We plan to conduct a comprehensive database search, including Embase, Epub Ahead of Print, In-Process & Other Non-Indexed Citations, MEDLINE Daily, MEDLINE, Cochrane Central Registrar of Controlled Trials, Ovid Cochrane Database of Systematic Reviews, and Scopus from database inception to the present. We have developed a preliminary database search strategy (Appendix A) and found that these databases can adequately identify the relevant literature. We will use relevant systematic reviews and meta-analysis to identify additional existing and new literature. We will also search U.S. Food and Drug Administration (FDA), ClinicalTrials.gov, Health Canada, U.K. Medicines and Healthcare Products Regulatory Agency (MHRA), conference proceedings, patient advocate group websites, and medical society websites. Reference mining of relevant publications will be conducted. The search strategy will be peer-reviewed by an independent information specialist. An experienced librarian will conduct the search. All citations identified through the process will be imported to a reference management system (EndNote® Version X9; Thomson Reuters, Philadelphia, PA). In addition, a Supplemental Evidence and Data for Systematic Reviews (SEADS) portal will be available to collect additional study-specific information from industry stakeholders, professional societies, and researchers. A Federal Register Notice will be posted for this review.
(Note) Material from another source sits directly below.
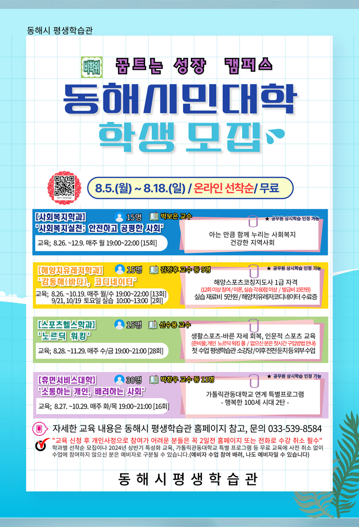 [스포츠서울ㅣ김기원기자]동해시(시장 심규언)가 비학위 동해시민대학 4개 교육 과정을 개설, 오는 18일까지 학생 75명을 선착순 모집한다고 밝혔다.

For abstract screening, we plan to use a validated Natural Language Processing (NLP) algorithm developed by DistillerSR® (Evidence Partners Incorporated, Ottawa, Canada). Each abstract will be screened by one human reviewer and the NLP technique with constant surveillance of possible misclassified citations for quality control. Consensus for inclusion and conflicts will be advanced for full-text screening. Independent reviewers, working in pairs, will screen the full-text version of eligible references. Discrepancies between the reviewers will be resolved through discussions and consensus. If consensus cannot be reached, a third reviewer will resolve the difference. We will use a web-based systematic review software, DistillerSR (Evidence Partners Incorporated, Ottawa, Canada), to facilitate study selection process.

C. Data Abstraction and Data Management

At the beginning of data abstraction, we will develop a standardized data extraction form to extract study characteristics (e.g., author, year, study design, inclusion and exclusion criteria, patient characteristics (e.g., age, sex, race/ethnicity, country), intervention, comparisons, outcomes, and related items for assessing study quality and applicability). The standardized form will be pilot tested by all study team members using 10 studies. We will iteratively continue testing the form until no additional items or unresolved questions exist. After we finalize the form, reviewers will work independently to extract study details. A second reviewer will review data extraction and resolve conflicts. In case the included studies do not report all necessary information (e.g., methods and results), we will contact authors directly. DistillerSR will also be used to create data extraction forms and facilitate data extraction.

D. Assessment of the Risk of Bias of Individual Studies

We will evaluate the risk of bias of the included RCTs using the Cochrane Collaboration’s Risk of Bias 2 tool16 to assess bias from the randomization process, intended interventions, missing outcome data, outcome measurement, selective reporting, and other sources. For nonrandomized studies, including quasi-experimental studies, controlled before-and-after studies, prospective cohort studies, and nested case-control studies, we will use the Risk Of Bias In Non-randomized Studies - of Exposure (ROBINS-E) tool.17 In addition, we will report funding source of the included studies.

E. Data Synthesis

We will qualitatively summarize key features/characteristics (e.g., study populations, design, intervention, outcomes, and conclusions) of the included studies and present in evidence tables for the KQ.

We will determine whether a meta-analysis is appropriate (i.e., more than 2 studies address the same PICOTS and provide point estimates and dispersion measures) to quantitatively summarize study findings based on the similarities of PICOTS presented by the studies. If a meta-analysis is deemed appropriate, we plan to use random-effects models to pool estimates from the included studies. We will evaluate heterogeneity between studies using I2 indicator.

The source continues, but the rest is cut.